The rule is identical to Federal Rules of Civil Procedure (FRCP) Rule 60(b). “Therefore, authorities interpreting the Federal Rules are ‘highly persuasive.’” Thomas-Yukimura v. Yukimura, 130 Hawai'i 1, 7 n. 16, 304 P.3d 1182, 1188 n. 16 (2013). The HSC accordingly turned to federal authorities and held that a motion filed pursuant to HRCP Rule 60(b) is a continuation of the original proceeding. See Smith v. Widman Trucking & Excavating, Inc., 627 F.2d 792, 799 (7th Cir. 1980); Charter Twp. Of Muskegon v. City of Muskegon, 303 F.3d 755, 762-763 (6th Cir. 2002).

Rule 60(b) Motions are not Barred by Res Judicata. The HSC held that res judicata does not apply to Rule 60(b) motions and in concurrence with courts of other jurisdictions. Arizona v. California, 460 U.S. 605, 619 (1983) (“res judicata and collateral estoppel do not apply if a party moves the rendered court in the same proceeding to correct or modify its judgment.”); Jones v. Murphy, 772 A.2d 502, 505 (Vt. 2001); New Main Nat. Bank v. Nemon, 588 A.2d 1191, 1194 (Me. 1991); Pepper v. Zions First Nat. Bank, N.A., 801 P.2d 144, 150-151 (Utah 1990).
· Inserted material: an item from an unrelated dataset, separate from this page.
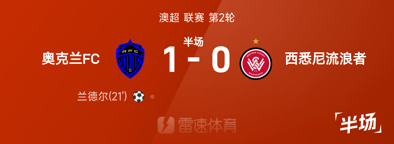 澳超半场:兰德尔外围射门建功,奥克兰暂1-0西悉尼流浪者

The HSC also noted that its holding was not inconsistent with Mortgage Electronic Registration Systems v. Wise, 130 Hawai'i 11, 304 P.3d 1192 (2013).


There, the HSC held that mortgage foreclosures are analogous to two separate proceedings: the foreclosure of the property for default and the separate order confirming sale of the foreclosed property. Id. at 17, 304 P.3d at 1198. In Wise the HSC held that res judicata precludes challenges based on standing in an order confirming sale of the foreclosed property. Id. According to the HSC, Wise does not address Rule 60(b) motions. Here, Godinez’s motion challenged the foreclosure decree and judgment—not the subsequent sale.


The Law-of-the-Case Doctrine Applies to One Case. Unlike res judicata, which requires separate actions, the law of the case doctrine controls rulings in a single case. “[W]hen a court decides upon a rule of law, that a decision should continue to govern the same issues in subsequent stages in the same case.” Arizona v. California, 460 U.S. at 618. The law of the case doctrine governs lower courts on remand after the appellate court makes a ruling as well as the trial court's own rulings throughout the course of the case. According to the HSC, the doctrine is really a “presumption against reconsideration” and the lower court has the discretion to revisit its earlier rulings. Here, the HSC held that the circuit court need not revisit the earlier ruling and found no abuse of discretion in denying Godinez’s Rule 60(b) motion.